5. Days Three to Six are The Worst.

After the anesthesia wears off after the first couple of days, you'll enter hell. The constant pain will exhaust you physically, the sleepless nights will tire you out mentally, and knowing that this road to your new face has only just started might bring you down to rock bottom. On day five, I woke up at 3:00 am and couldn't fall back asleep. I was staring at the ceiling, and this thought came into my head: "What if I did all this and I end up looking worse?" I felt empty in my brain and body, like I'd pulled an all-nighter. For the first time since the surgery, I wondered if I'd made the right choice.

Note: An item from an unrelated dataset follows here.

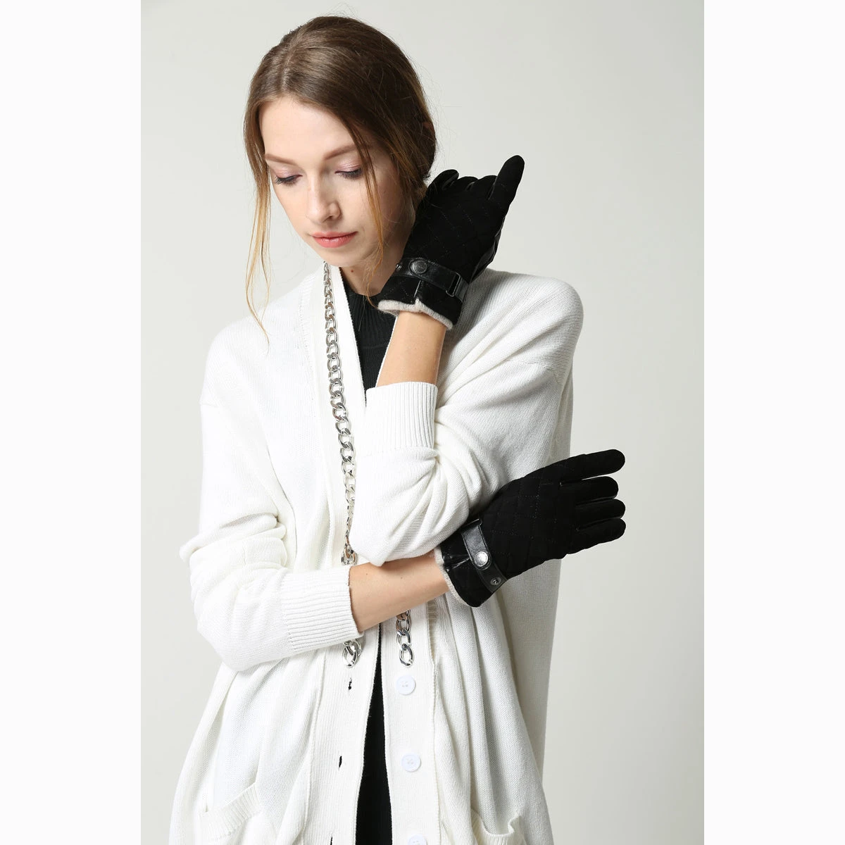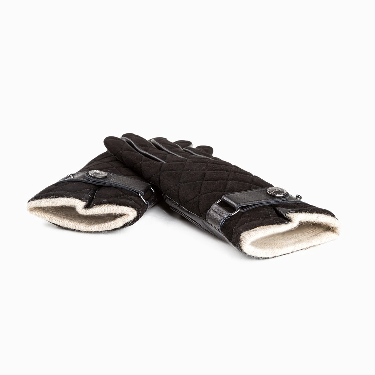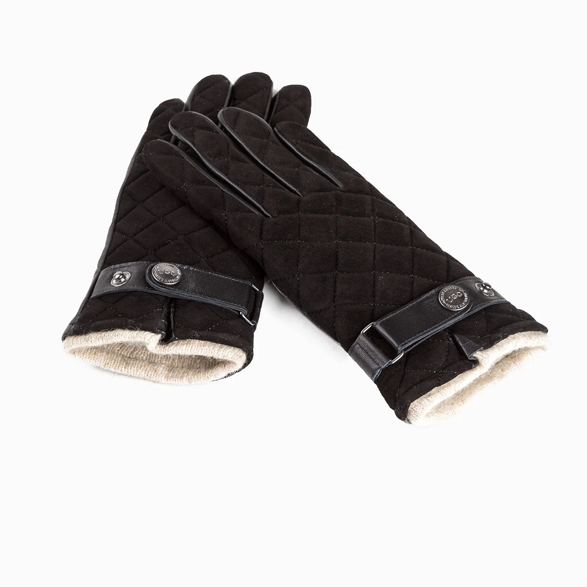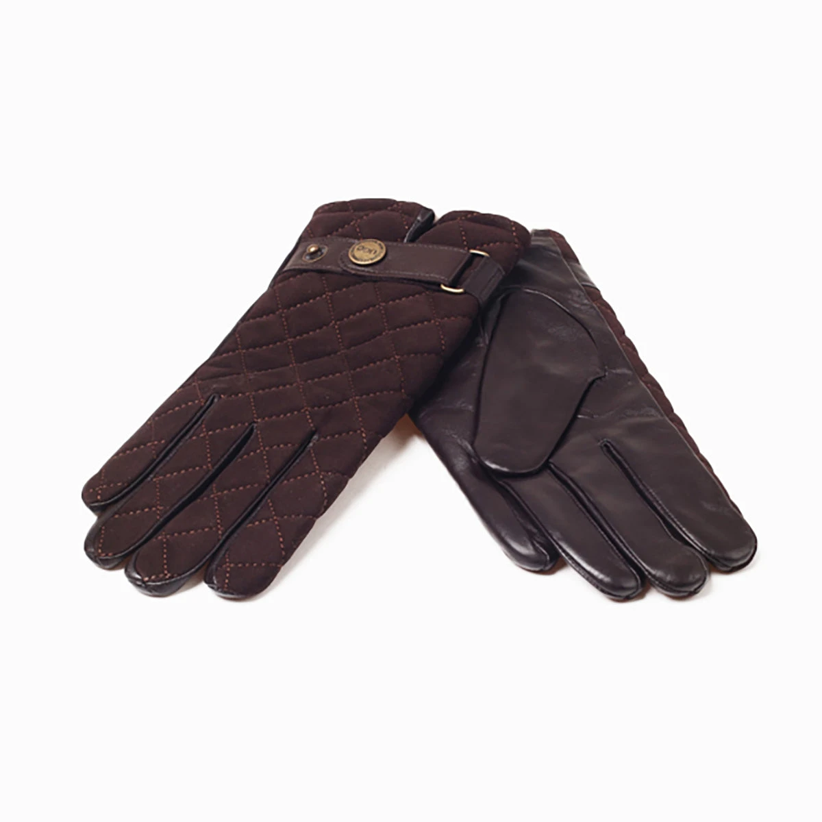 soft leather quilted gloves with stud wrist strap design.

Fear not, as many other dolls have echoed the sentiment that days three to six are the worst days of your recovery. This is where taking care of yourself becomes even more critical. Make sure you're nasal rinsing three times a day. Keep applying that Aquafor to your scars. Stay hydrated and well-fed. If you can get through this part, it will get better. Well, it might get worse in other ways, but this is a marathon, not a sprint, remember. Most doctors and dolls will say that their face didn't settle in until six months to a year out from surgery. Good things don't come easy, and a new face is definitely going to take some time.


Most importantly, during this first week, I internalize the necessity of self-affirmation. Without beating around the bush, I look awful this week. When I catch my reflection in the bathroom mirror every time I squirt saline up my nose or put Aquaphor on my lips, I don't recognize myself. A stranger is staring back at me. Swollen, bruised, and expressionless.

My trans sisters who'd gone through this process weren't lying. My hairstylist from when I lived in Los Angeles was the first one who told me that days three to six would be the worst. The girls in the comments of TikTok videos about the procedure jokingly framed the slimmed-down figure from the liquid diet as a positive side effect of not being able to chew for two weeks. They told me napping would be better than trying to get six to eight hours of continuous sleep. They were right about all of it.

And now, on day seven, I write this down for the dolls who come next. We can read all the Reddit threads and watch every YouTube video, but until we're the ones bandaged and barely able to speak, we won't truly know.

What I know now is: Recovery is brutal. Your face will feel like a stranger's. Sleep will be impossible. You'll question everything. But you'll get through the first week. And when you do, you'll write your own version of this, adding details I missed, correcting things I got wrong, passing the torch to the next doll in line.

That's how we make it through as a community. One week at a time, one doll at a time, telling the truth about what this actually costs.